Given material:
+===+

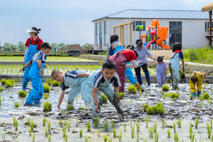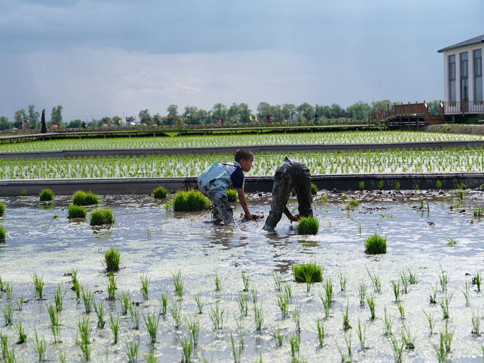 春末的风裹挟着黑土地的温润,漫过乔府大院的田埂。我们不再是旁观者,而是亲手播撒希望的耕耘者。接过老师递来的稻种,指尖触到粒粒饱满的金黄,才懂“春种一粒粟”不是课本上的诗句,而是大地与耕耘者的温柔约定。挽裤脚踏入育苗田,湿润泥土漫过脚踝,我们学着农民伯伯的模样匀撒稻种、轻覆薄土。研学老师说,五常大米香飘四海,是黑土地的厚赠,更是生态与科技的双重守护——小青蛙、小鸭子担当“田园卫士”,它们的粪便化作天然养分,全链条科技则让自然馈赠完美留存。蹲下身,看金黄颗粒落进泥土,仿佛无数绿色星子,正攒劲冲破土层,赴一场与盛夏的约会。
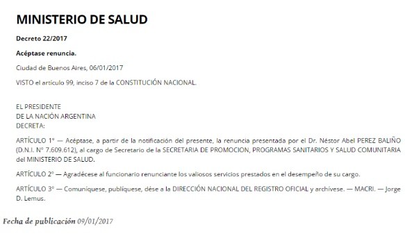 "Acéptase, a partir de la notificación del presente, la renuncia presentada por el Dr. Néstor Abel Pérez Baliño al cargo de secretario de la Secretaría de Promoción, Programas Sanitarios y Salud Comunitaria del Ministerio de Salud", dispone el artículo 1° de la resolución.
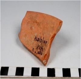 | Description / विवरण | A fragment of a bowl of red ware with featureless rim, oblique sides of fine fabric. |
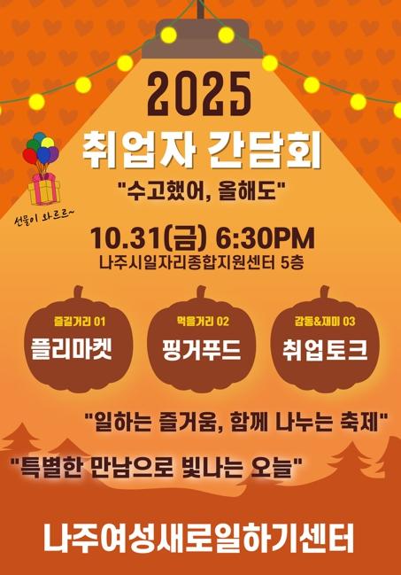 나주여성새로일하기센터(센터장 최진아)는 오는 10월 31일 나주시 일자리종합지원센터에서 지역 여성 취업자 50여 명이 참여하는 취업자 간담회를 개최한다.

+===+

About this task: Repeat the lines above precisely and skip every picture.

Exercise output:
 春末的风裹挟着黑土地的温润,漫过乔府大院的田埂。我们不再是旁观者,而是亲手播撒希望的耕耘者。接过老师递来的稻种,指尖触到粒粒饱满的金黄,才懂“春种一粒粟”不是课本上的诗句,而是大地与耕耘者的温柔约定。挽裤脚踏入育苗田,湿润泥土漫过脚踝,我们学着农民伯伯的模样匀撒稻种、轻覆薄土。研学老师说,五常大米香飘四海,是黑土地的厚赠,更是生态与科技的双重守护——小青蛙、小鸭子担当“田园卫士”,它们的粪便化作天然养分,全链条科技则让自然馈赠完美留存。蹲下身,看金黄颗粒落进泥土,仿佛无数绿色星子,正攒劲冲破土层,赴一场与盛夏的约会。
 "Acéptase, a partir de la notificación del presente, la renuncia presentada por el Dr. Néstor Abel Pérez Baliño al cargo de secretario de la Secretaría de Promoción, Programas Sanitarios y Salud Comunitaria del Ministerio de Salud", dispone el artículo 1° de la resolución.
 | Description / विवरण | A fragment of a bowl of red ware with featureless rim, oblique sides of fine fabric. |
 나주여성새로일하기센터(센터장 최진아)는 오는 10월 31일 나주시 일자리종합지원센터에서 지역 여성 취업자 50여 명이 참여하는 취업자 간담회를 개최한다.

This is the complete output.